### DATA FOR PROCESSING

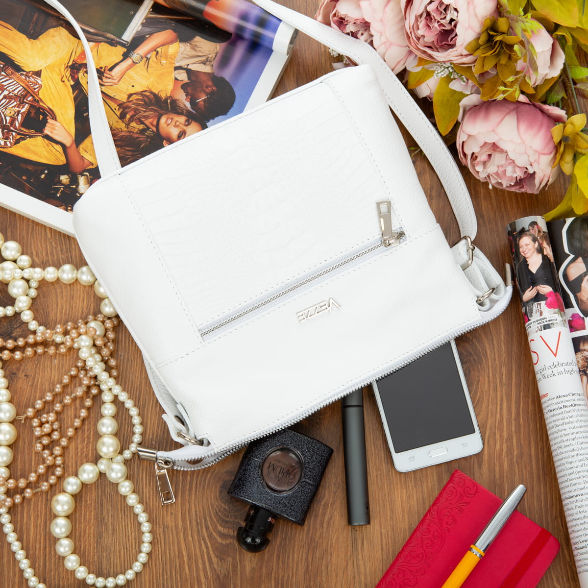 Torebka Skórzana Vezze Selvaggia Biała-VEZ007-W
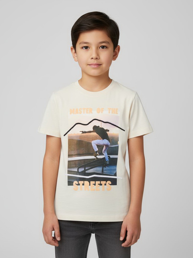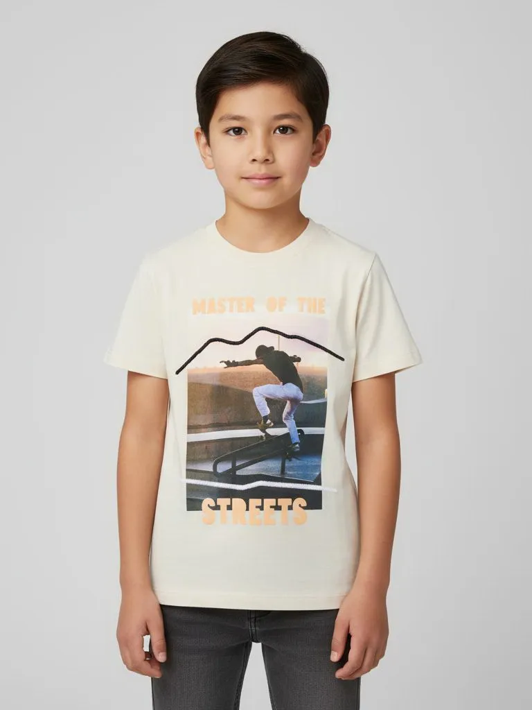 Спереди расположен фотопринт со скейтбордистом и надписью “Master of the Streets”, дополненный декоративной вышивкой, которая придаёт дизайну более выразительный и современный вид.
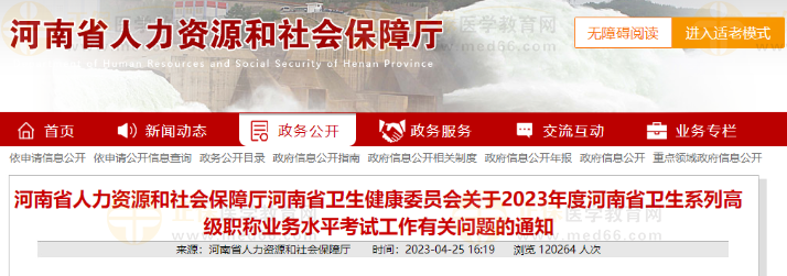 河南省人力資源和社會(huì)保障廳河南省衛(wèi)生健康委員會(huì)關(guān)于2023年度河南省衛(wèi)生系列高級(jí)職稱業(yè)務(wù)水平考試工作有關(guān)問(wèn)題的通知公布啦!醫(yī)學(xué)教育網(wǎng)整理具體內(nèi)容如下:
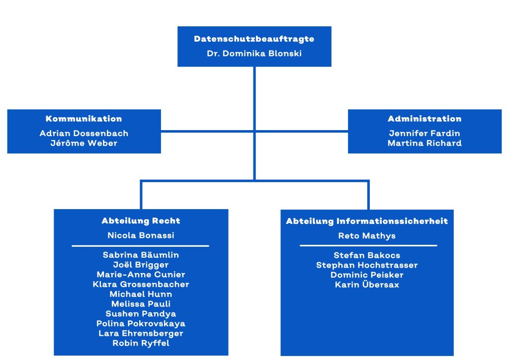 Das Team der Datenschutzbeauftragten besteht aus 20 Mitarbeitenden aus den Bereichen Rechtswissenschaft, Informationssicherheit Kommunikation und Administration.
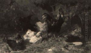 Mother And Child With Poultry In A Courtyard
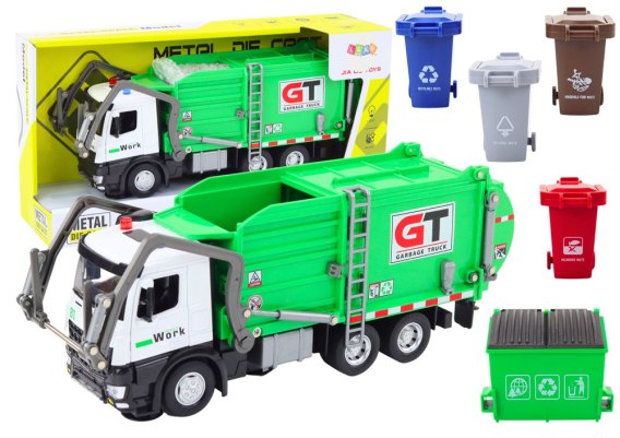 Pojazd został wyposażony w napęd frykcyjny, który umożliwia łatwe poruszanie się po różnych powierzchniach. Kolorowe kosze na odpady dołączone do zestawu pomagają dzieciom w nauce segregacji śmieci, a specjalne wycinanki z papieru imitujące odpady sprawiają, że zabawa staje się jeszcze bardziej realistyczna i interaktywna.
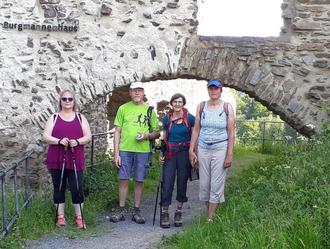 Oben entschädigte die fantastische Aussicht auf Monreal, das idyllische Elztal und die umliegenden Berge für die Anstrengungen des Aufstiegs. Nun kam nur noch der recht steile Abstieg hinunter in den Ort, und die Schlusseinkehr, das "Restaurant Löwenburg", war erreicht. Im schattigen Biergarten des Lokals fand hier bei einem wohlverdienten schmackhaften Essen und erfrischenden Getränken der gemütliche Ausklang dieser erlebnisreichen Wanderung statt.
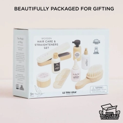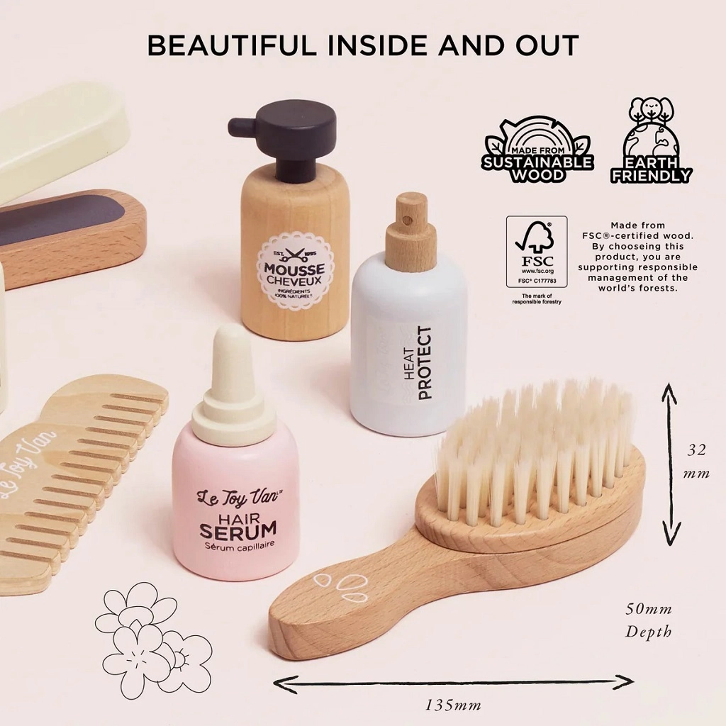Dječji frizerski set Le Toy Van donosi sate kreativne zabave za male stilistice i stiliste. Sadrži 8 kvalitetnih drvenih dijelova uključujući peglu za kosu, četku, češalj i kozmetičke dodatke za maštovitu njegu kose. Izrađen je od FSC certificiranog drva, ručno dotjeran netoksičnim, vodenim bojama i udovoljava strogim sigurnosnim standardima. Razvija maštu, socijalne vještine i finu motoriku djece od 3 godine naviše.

######
### DATA FOR PROCESSING

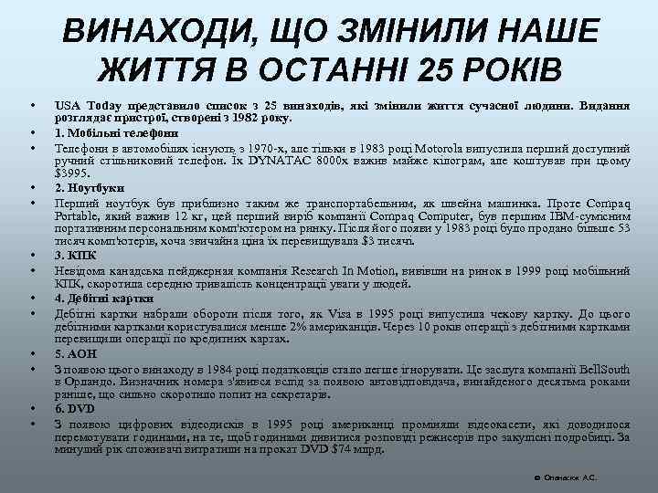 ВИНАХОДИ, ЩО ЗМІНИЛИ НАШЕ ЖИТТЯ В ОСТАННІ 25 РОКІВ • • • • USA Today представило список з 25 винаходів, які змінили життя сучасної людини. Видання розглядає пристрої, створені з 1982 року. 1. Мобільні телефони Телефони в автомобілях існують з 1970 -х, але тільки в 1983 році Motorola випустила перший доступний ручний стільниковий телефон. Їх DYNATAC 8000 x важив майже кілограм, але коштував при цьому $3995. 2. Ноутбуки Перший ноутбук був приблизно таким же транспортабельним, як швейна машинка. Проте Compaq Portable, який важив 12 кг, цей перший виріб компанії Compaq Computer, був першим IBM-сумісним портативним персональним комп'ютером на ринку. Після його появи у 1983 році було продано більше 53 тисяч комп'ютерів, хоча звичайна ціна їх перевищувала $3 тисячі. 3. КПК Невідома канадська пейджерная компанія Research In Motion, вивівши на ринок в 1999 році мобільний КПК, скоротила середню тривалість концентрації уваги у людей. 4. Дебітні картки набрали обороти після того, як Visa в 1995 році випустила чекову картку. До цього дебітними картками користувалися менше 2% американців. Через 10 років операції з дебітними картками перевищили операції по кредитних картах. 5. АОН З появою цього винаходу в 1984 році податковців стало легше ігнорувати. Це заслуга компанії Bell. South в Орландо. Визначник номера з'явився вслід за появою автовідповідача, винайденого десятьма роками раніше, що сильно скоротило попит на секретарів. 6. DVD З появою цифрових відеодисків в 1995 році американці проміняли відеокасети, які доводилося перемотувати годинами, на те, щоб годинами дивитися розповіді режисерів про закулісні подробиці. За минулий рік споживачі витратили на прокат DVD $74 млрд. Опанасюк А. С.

######

- TRY IT -
In the material above, one part opens with the line containing "Torebka Skórzana Vezze" and closes with the line containing "河南省人力資源和社會(huì". Write out that part exactly and skip its pictures.

- EXERCISE RESULT -
 Torebka Skórzana Vezze Selvaggia Biała-VEZ007-W
 Спереди расположен фотопринт со скейтбордистом и надписью “Master of the Streets”, дополненный декоративной вышивкой, которая придаёт дизайну более выразительный и современный вид.
 河南省人力資源和社會(huì)保障廳河南省衛(wèi)生健康委員會(huì)關(guān)于2023年度河南省衛(wèi)生系列高級(jí)職稱業(yè)務(wù)水平考試工作有關(guān)問(wèn)題的通知公布啦!醫(yī)學(xué)教育網(wǎng)整理具體內(nèi)容如下:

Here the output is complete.